The input for the MCL and MCODE clustering algorithms was the set of interactions resulting from connecting a bait protein to its preys [the spoke model (Bader and Hogue, 2002)] for each of the datasets. For setting the parameters of the algorithms, we used the values recommended by Brohee and van Helden (2006). Specifically, we used the inflation parameter 1.8 for MCL. For MCODE, we used the parameters depth = 100, node score percentage = 0, Haircut = TRUE, Fluff = FALSE and percentage for complex fluffing = 0.2. MRF was applied using the spoke model, using the parameters suggested by Rungsarityotin *et al.* (2007), i.e. *K* = 698 and ψ = 3.5.

We obtained the Local Modeling implementation from the bioconductor http://www.bioconductor.org. The parameters used to run Local Modeling are the default parameters mentioned in Scholtens *et al.* (2005).

When creating complex estimates from Collins *et al.* (2007), we used MCL with the same parameters as described above, and used the PE values as the input to the MCL algorithm.

CODEC is based on reformulating the protein complex identification problem as that of finding significantly dense subgraphs in a bipartite graph. We construct a bipartite graph whose vertices on one side represent prey proteins, and vertices on the other side represent bait proteins. Edges connect a bait protein to its associated preys. Ideally, a complex should appear as a fully connected bipartite subgraph (biclique) in this graph. In practice, due to experimental noise, a complex will appear as a dense bipartite subgraph. We note that further experimentation using methods such as cross-linking and sequential CoIP can improve the detection process, but is far more costly.

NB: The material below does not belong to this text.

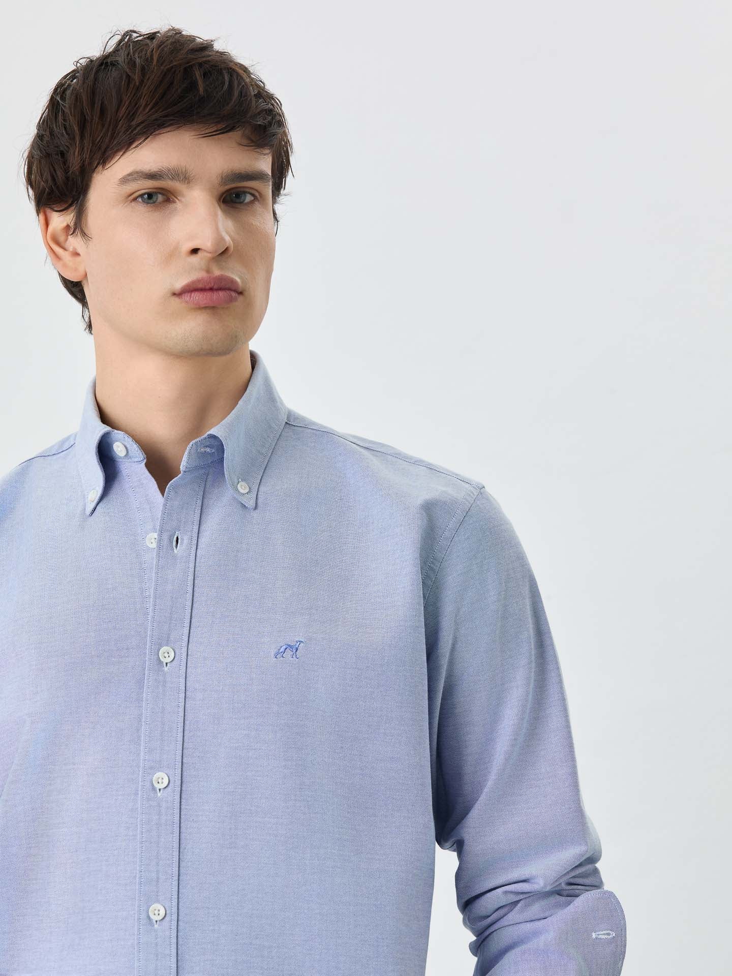 Regular Fit Shirt With Button Down Collar In Cotton-elastane Blend

In addition, we impose a consistency requirement: some proteins occur in the data both as baits and as preys. For such proteins, we require that if a certain prey (bait) vertex is included in the subgraph, so must be the corresponding bait (prey). These definitions are exemplified in Figure 1. The example dataset contains 10 proteins marked as P1-P10 (Fig. 1a). Four purifications are made. The proteins used as baits are P3, P4, P5 and P7. There are two sets of preys that are supported by more than one bait: {P2, P3, P4, P5} and {P5, P6, P7, P8}. It can be hypothesized that these sets correspond to two protein complexes, shown in Figure 1b. In both cases, the consistency requirement is satisfied. The missing edge between P5 and P2 is a likely false negative, since both P3 and P4 interact with P2. There may be additional complexes in this toy example, but there is only weak evidence for their existence since they are detected as preys by a single bait protein.

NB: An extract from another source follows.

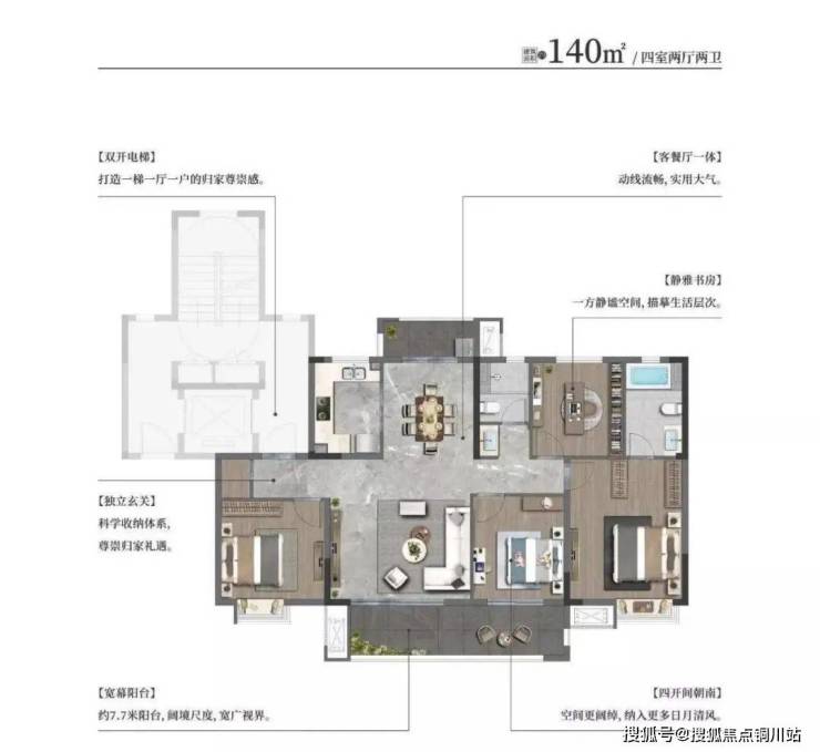 梧桐公馆深刻洞悉现代人居需求,以前瞻的设计理念,精研空间尺度,尽显大宅气度。140㎡户型方正,大面宽采光,全明通透,尽享舒适生活。深度契合高阶人群的需求,诠释宽境居所的美好,演绎优雅非凡的人生。

An example data set. (**a**) An input bait–prey graph. Baits are colored in blue and preys are colored in red. (**b**) Two possible protein complexes and their corresponding subgraphs.

We adapted the SAMBA algorithm (Tanay *et al.*, 2002) to find putative complexes, henceforth called *clusters*. As further detailed in the Methods, the algorithm relies on a scoring component and a search heuristic to identify high scoring subgraphs. The scoring of a subgraph is based on a likelihood ratio score, which measures the density of the subgraph versus the chance that its connections arise at random. We experimented with two scoring variants: a permissive one, *w*_{0}, and a stricter one, *w*_{1} (see Section 2). In all the applications below, we report on the results of both variants. The search heuristic starts from small bicliques and expands them using greedy search. Unlike SAMBA, the search procedure also ensures that the consistency requirement is met by coupling together the prey and bait instances of a protein.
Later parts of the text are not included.